**THE DATA:**
##########

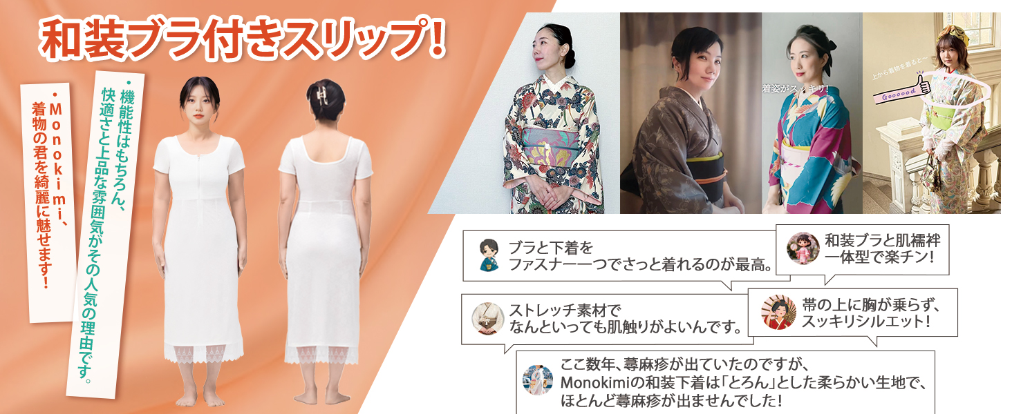 【キレイな「はと胸」&痩せ見え】Monokimi肌襦袢 ワンピースは胸を潰せるだけでなく、着脱可能な補正用パットが2枚ついているので、なめらかでキレイな「はと胸」及び痩せ見えを簡単に実現します。大人の可愛い着姿になります。立体裁断補整で、フィットして着姿が格段にアップできます。襟ぐりも深めです。
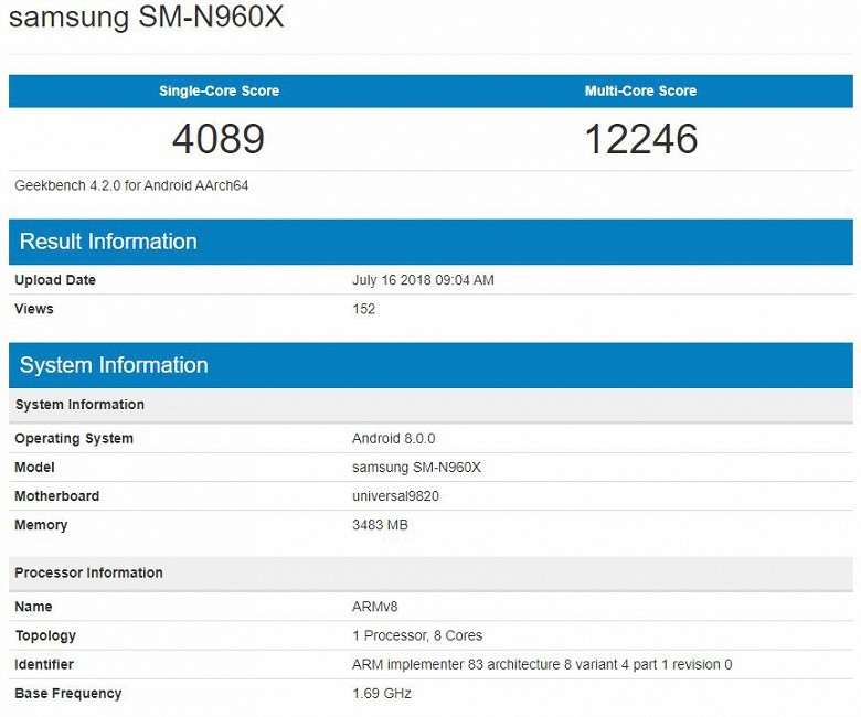 Похоже вскоре мы увидим новый самый мощный смартфон в мире. Им станет Samsung Galaxy Note 9 – внезапно: на процессоре Exynos. Сегодня в базе данных бенчмарка Geekbench замечен ожидаемый флагман от корейского производителя с модельным номером SM-960X, оснащенный новейшим процессором Exynos 9820, результаты тестирования которого вы можете увидеть ниже.
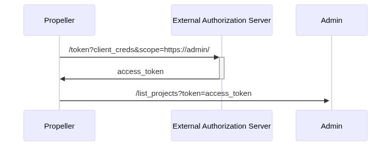 [](https://mermaid-js.github.io/mermaid-live-editor/#/edit/eyJjb2RlIjoic2VxdWVuY2VEaWFncmFtXG4gICAgUHJvcGVsbGVyLT4-K0V4dGVybmFsIEF1dGhvcml6YXRpb24gU2VydmVyOiAvdG9rZW4_Y2xpZW50X2NyZWRzJnNjb3BlPWh0dHBzOi8vYWRtaW4vXG4gICAgRXh0ZXJuYWwgQXV0aG9yaXphdGlvbiBTZXJ2ZXItPj4tUHJvcGVsbGVyOiBhY2Nlc3NfdG9rZW5cbiAgICBQcm9wZWxsZXItPj4rQWRtaW46IC9saXN0X3Byb2plY3RzP3Rva2VuPWFjY2Vzc190b2tlbiIsIm1lcm1haWQiOnsidGhlbWUiOiJuZXV0cmFsIn0sInVwZGF0ZUVkaXRvciI6ZmFsc2V9)
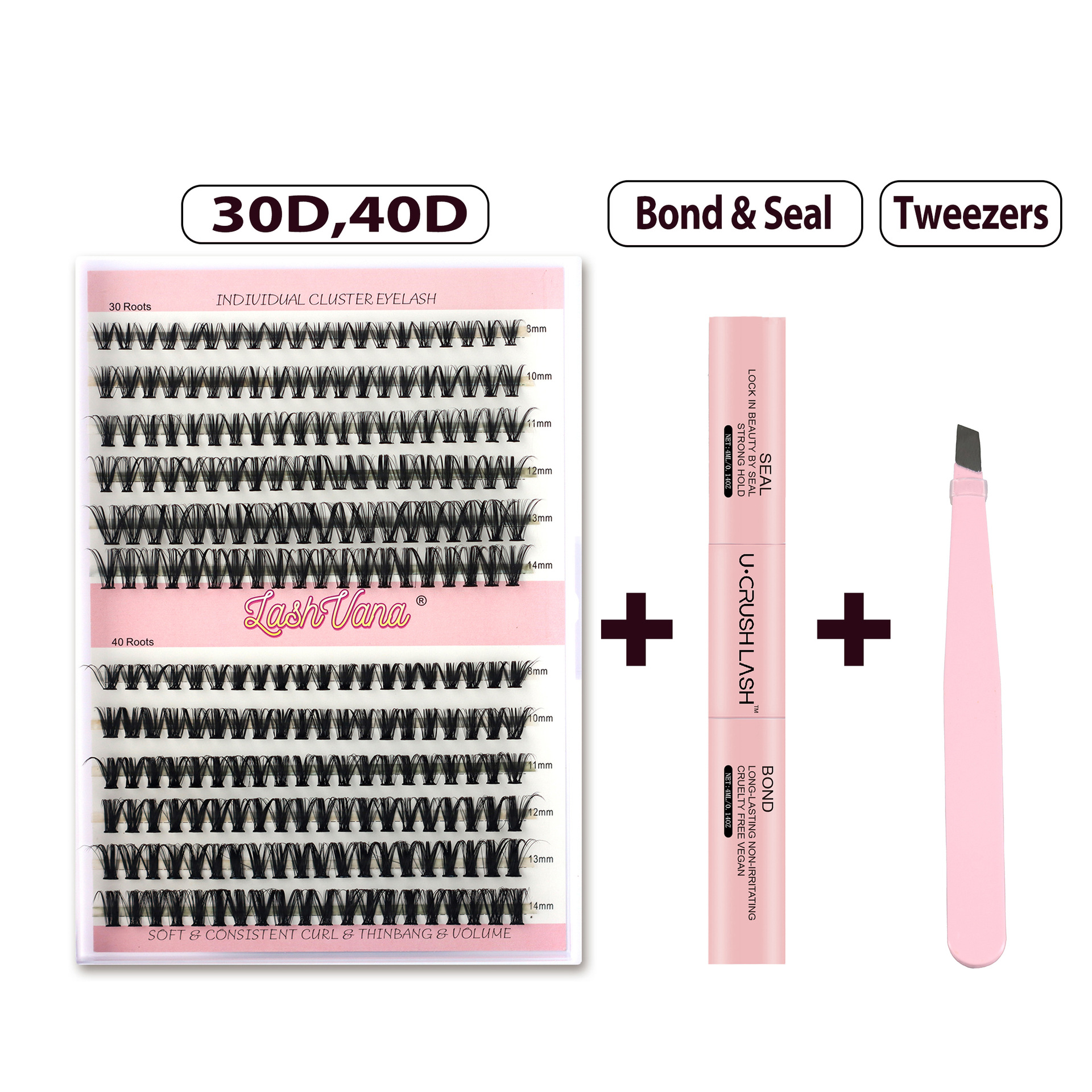 (30d + 40d)+ double-headed glue + remover + pink tweezers

##########

**WORK REQUIRED:**
Recopy the whole listing above precisely, excluding images.

**ANSWER:**
 【キレイな「はと胸」&痩せ見え】Monokimi肌襦袢 ワンピースは胸を潰せるだけでなく、着脱可能な補正用パットが2枚ついているので、なめらかでキレイな「はと胸」及び痩せ見えを簡単に実現します。大人の可愛い着姿になります。立体裁断補整で、フィットして着姿が格段にアップできます。襟ぐりも深めです。
 Похоже вскоре мы увидим новый самый мощный смартфон в мире. Им станет Samsung Galaxy Note 9 – внезапно: на процессоре Exynos. Сегодня в базе данных бенчмарка Geekbench замечен ожидаемый флагман от корейского производителя с модельным номером SM-960X, оснащенный новейшим процессором Exynos 9820, результаты тестирования которого вы можете увидеть ниже.
 [](https://mermaid-js.github.io/mermaid-live-editor/#/edit/eyJjb2RlIjoic2VxdWVuY2VEaWFncmFtXG4gICAgUHJvcGVsbGVyLT4-K0V4dGVybmFsIEF1dGhvcml6YXRpb24gU2VydmVyOiAvdG9rZW4_Y2xpZW50X2NyZWRzJnNjb3BlPWh0dHBzOi8vYWRtaW4vXG4gICAgRXh0ZXJuYWwgQXV0aG9yaXphdGlvbiBTZXJ2ZXItPj4tUHJvcGVsbGVyOiBhY2Nlc3NfdG9rZW5cbiAgICBQcm9wZWxsZXItPj4rQWRtaW46IC9saXN0X3Byb2plY3RzP3Rva2VuPWFjY2Vzc190b2tlbiIsIm1lcm1haWQiOnsidGhlbWUiOiJuZXV0cmFsIn0sInVwZGF0ZUVkaXRvciI6ZmFsc2V9)
 (30d + 40d)+ double-headed glue + remover + pink tweezers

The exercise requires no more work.